WORK INSTRUCTIONS: Reproduce the data that follows character for character, but omit its pictures.

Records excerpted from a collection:
==================================================

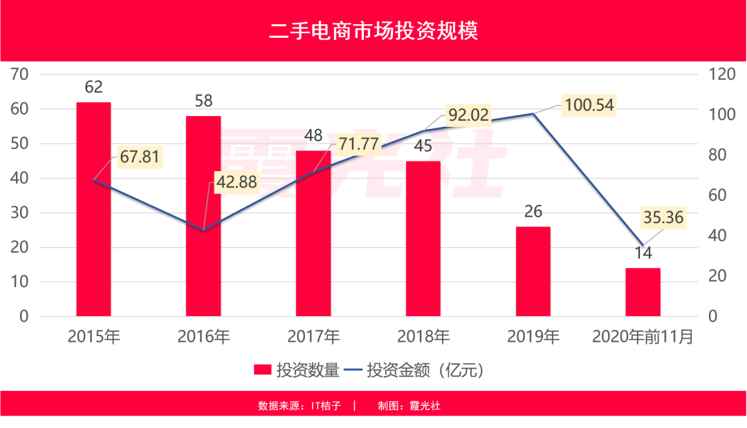 在资本方面,二手电商领域近年来略有降温。2015-2019年我国二手市场融资数量及金额均呈现波动变化态势。其中融资数量在逐年减少,2015年共发生62笔投资事件,而2020年前11个月则只发生了14笔。融资金额的波动变化较为明显,其中2016年和2020年11个月为低点,总融资金额分别为42.88亿和35.36亿。
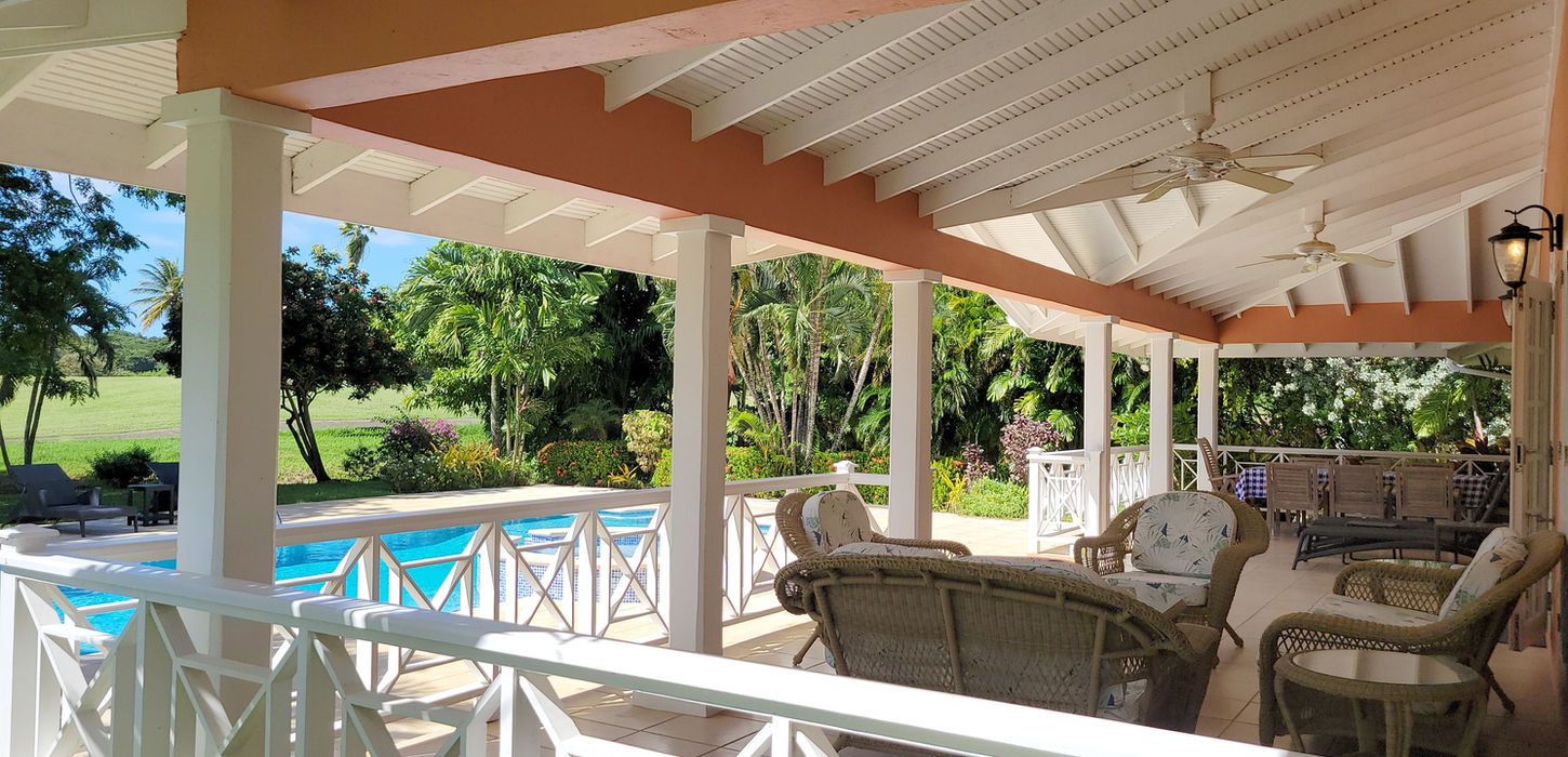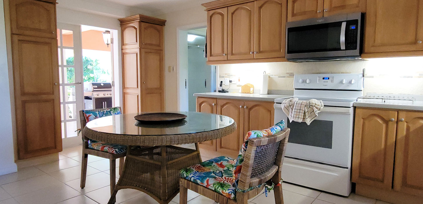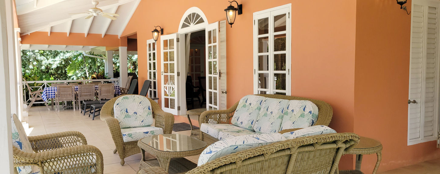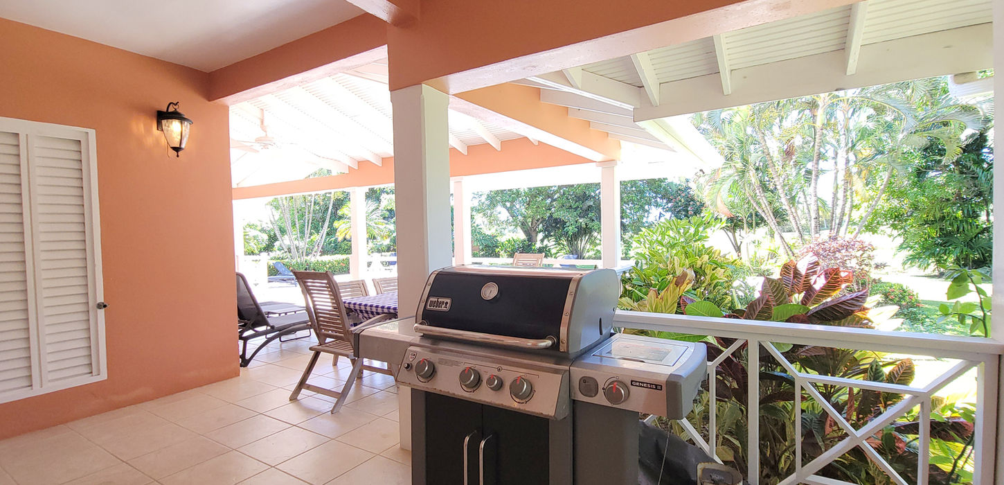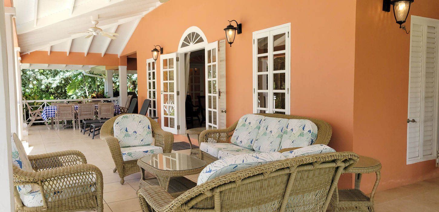 Calabash House is designed for laid-back Caribbean living. A large covered porch offers multiple seating areas, an outdoor dining table, and a BBQ grill, ideal for shared meals and evenings outdoors.
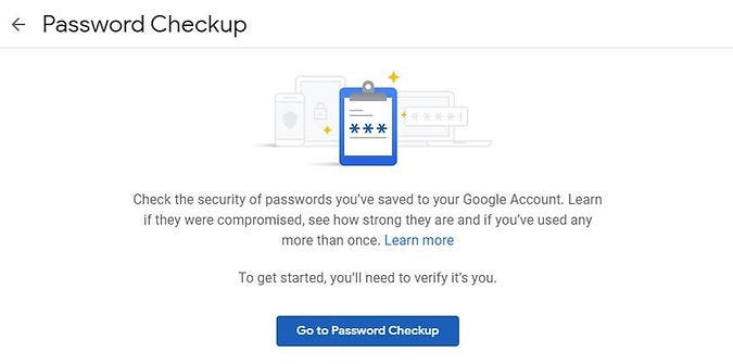 4. Login to Google Account Password Manager with your Google account & select Go to Password Checkup and change passwords for any sites that use same password to a unique for each and save it in Chrome synched with Google account. How to use Password Checkup on online Google Password Manager.
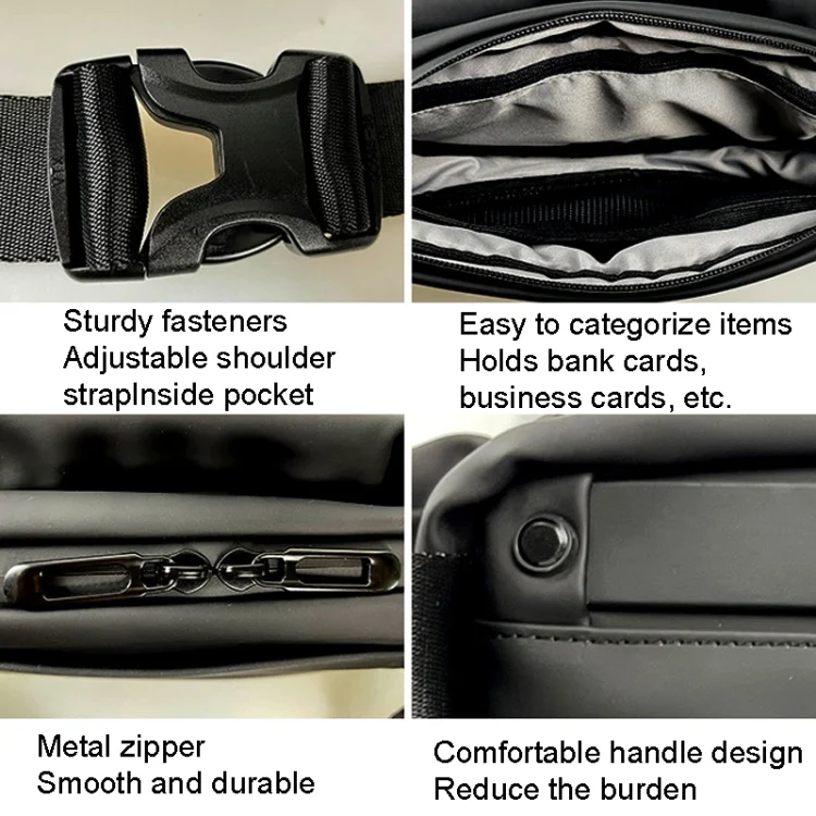 4. Sturdy fasteners, adjustable shoulder strap
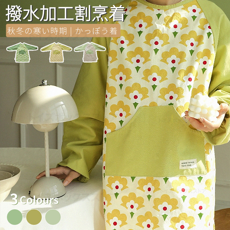 程よく厚みのある丈夫な綿生地で、生地には撥水加工を施しており、料理や洗い物での汚れ水跳ねからお洋服をしっかりと守ります。
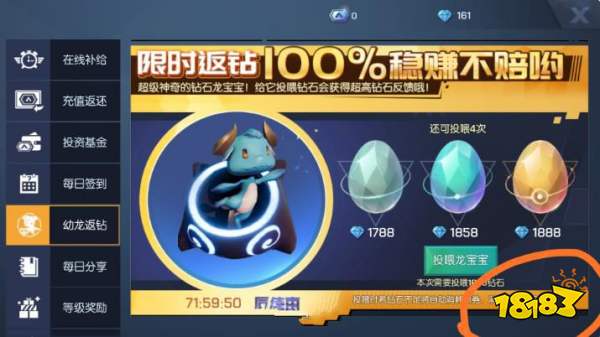 2、wdnmd,策划把幼龙返钻取消了,这样一来,第一天不可能到600钻石了,大家只能尽力而为了。。。。也可以选择不肝4个号,或者肝到第二天
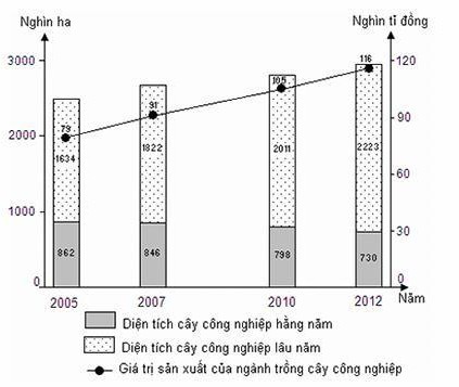 D. Diện tích cây công nghiệp hằng năm nhiều hơn cây lâu năm.
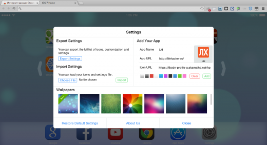 Расширение IOS 7 New Tab Page делает стартовую страницу браузера чрезвычайно похожим на экран iPad. Вы видите перед собой хорошо узнаваемое фоновое изображение, на котором расположены значки установленных у вас приложений и веб-сайтов. Вы можете перемещать значки, захватывая их курсором. В режиме редактирования они начинают знакомо покачиваться и на иконках появляется крестик для удаления. Если у вас сенсорный экран, то эффект будет еще более полным.
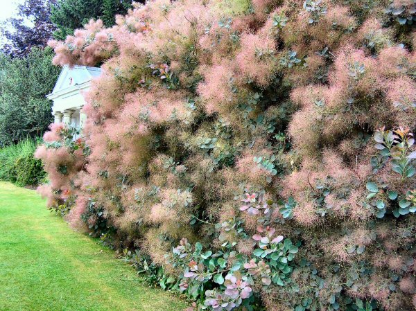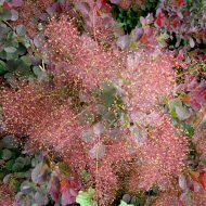 A deciduous spreading, open hardy shrub with rounded or oval light green or purplish-red leaves, H: 5m S: 5m (15ft x 15ft). Masses of tiny flower stalks form showy, pale, plume like clusters which give it its smoke like appearance. Both the green and purple varieties grow here close together. Native to southern Europe and central China.
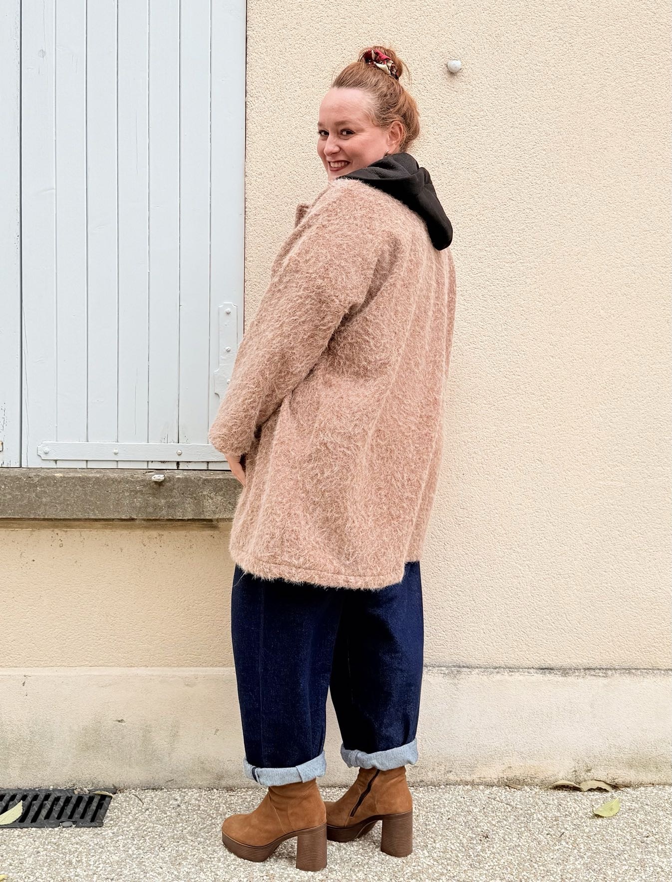 Le manteau Charlotte grande taille est douillet, avec des poches, il a une capuche et se ferme avec des boutons.
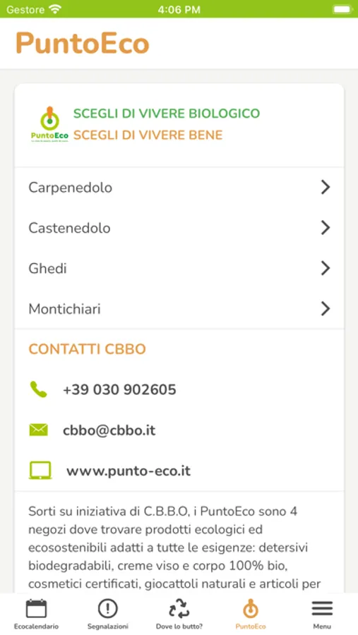 L'applicazione è un nuovo canale di comunicazione, con l'obiettivo di informare e sensibilizzare gli utenti sul tema della raccolta differenziata. Contiene un archivio digitale sempre aggiornato sul conferimento dei rifiuti, una bacheca in cui sfogliare le ultime novità pubblicate da C.B.B.O s.r.l. e consente di ottenere le informazioni su isola ecologica e sportello tari.
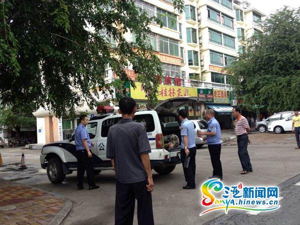 民警将流浪汉控制(三亚新闻网记者马伟元摄)
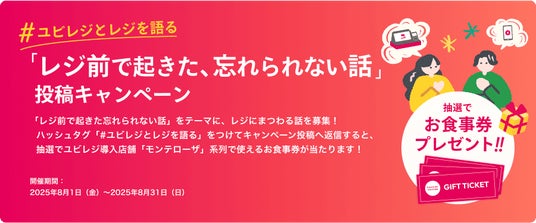 15周年を記念して、ユビレジ公式X(旧Twitter、https://x.com/ubiregi)と公式instagram(https://www.instagram.com/ubiregi/)にて、「レジ前で起きた、忘れられない話」投稿キャンペーンを実施いたします。投稿いただいた方の中から抽選で、ユビレジ導入企業である「モンテローザ」系列店舗で使えるお食事券をプレゼントします。実施期間:2025年8月1日(金)~8月31日(日)
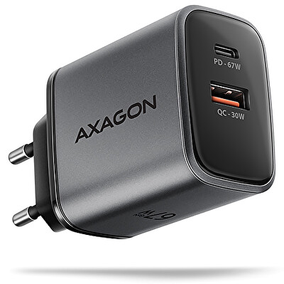 AXAGON ACU-PQ67, GaN nabíječka do sítě 67W, výstup USB-A + USB-C, PD3.0/PPS/QC4+/SFC2.0/Apple

==================================================

EXERCISE RESULT:
 在资本方面,二手电商领域近年来略有降温。2015-2019年我国二手市场融资数量及金额均呈现波动变化态势。其中融资数量在逐年减少,2015年共发生62笔投资事件,而2020年前11个月则只发生了14笔。融资金额的波动变化较为明显,其中2016年和2020年11个月为低点,总融资金额分别为42.88亿和35.36亿。
 Calabash House is designed for laid-back Caribbean living. A large covered porch offers multiple seating areas, an outdoor dining table, and a BBQ grill, ideal for shared meals and evenings outdoors.
 4. Login to Google Account Password Manager with your Google account & select Go to Password Checkup and change passwords for any sites that use same password to a unique for each and save it in Chrome synched with Google account. How to use Password Checkup on online Google Password Manager.
 4. Sturdy fasteners, adjustable shoulder strap
 程よく厚みのある丈夫な綿生地で、生地には撥水加工を施しており、料理や洗い物での汚れ水跳ねからお洋服をしっかりと守ります。
 2、wdnmd,策划把幼龙返钻取消了,这样一来,第一天不可能到600钻石了,大家只能尽力而为了。。。。也可以选择不肝4个号,或者肝到第二天
 D. Diện tích cây công nghiệp hằng năm nhiều hơn cây lâu năm.
 Расширение IOS 7 New Tab Page делает стартовую страницу браузера чрезвычайно похожим на экран iPad. Вы видите перед собой хорошо узнаваемое фоновое изображение, на котором расположены значки установленных у вас приложений и веб-сайтов. Вы можете перемещать значки, захватывая их курсором. В режиме редактирования они начинают знакомо покачиваться и на иконках появляется крестик для удаления. Если у вас сенсорный экран, то эффект будет еще более полным.
 A deciduous spreading, open hardy shrub with rounded or oval light green or purplish-red leaves, H: 5m S: 5m (15ft x 15ft). Masses of tiny flower stalks form showy, pale, plume like clusters which give it its smoke like appearance. Both the green and purple varieties grow here close together. Native to southern Europe and central China.
 Le manteau Charlotte grande taille est douillet, avec des poches, il a une capuche et se ferme avec des boutons.
 L'applicazione è un nuovo canale di comunicazione, con l'obiettivo di informare e sensibilizzare gli utenti sul tema della raccolta differenziata. Contiene un archivio digitale sempre aggiornato sul conferimento dei rifiuti, una bacheca in cui sfogliare le ultime novità pubblicate da C.B.B.O s.r.l. e consente di ottenere le informazioni su isola ecologica e sportello tari.
 民警将流浪汉控制(三亚新闻网记者马伟元摄)
 15周年を記念して、ユビレジ公式X(旧Twitter、https://x.com/ubiregi)と公式instagram(https://www.instagram.com/ubiregi/)にて、「レジ前で起きた、忘れられない話」投稿キャンペーンを実施いたします。投稿いただいた方の中から抽選で、ユビレジ導入企業である「モンテローザ」系列店舗で使えるお食事券をプレゼントします。実施期間:2025年8月1日(金)~8月31日(日)
 AXAGON ACU-PQ67, GaN nabíječka do sítě 67W, výstup USB-A + USB-C, PD3.0/PPS/QC4+/SFC2.0/Apple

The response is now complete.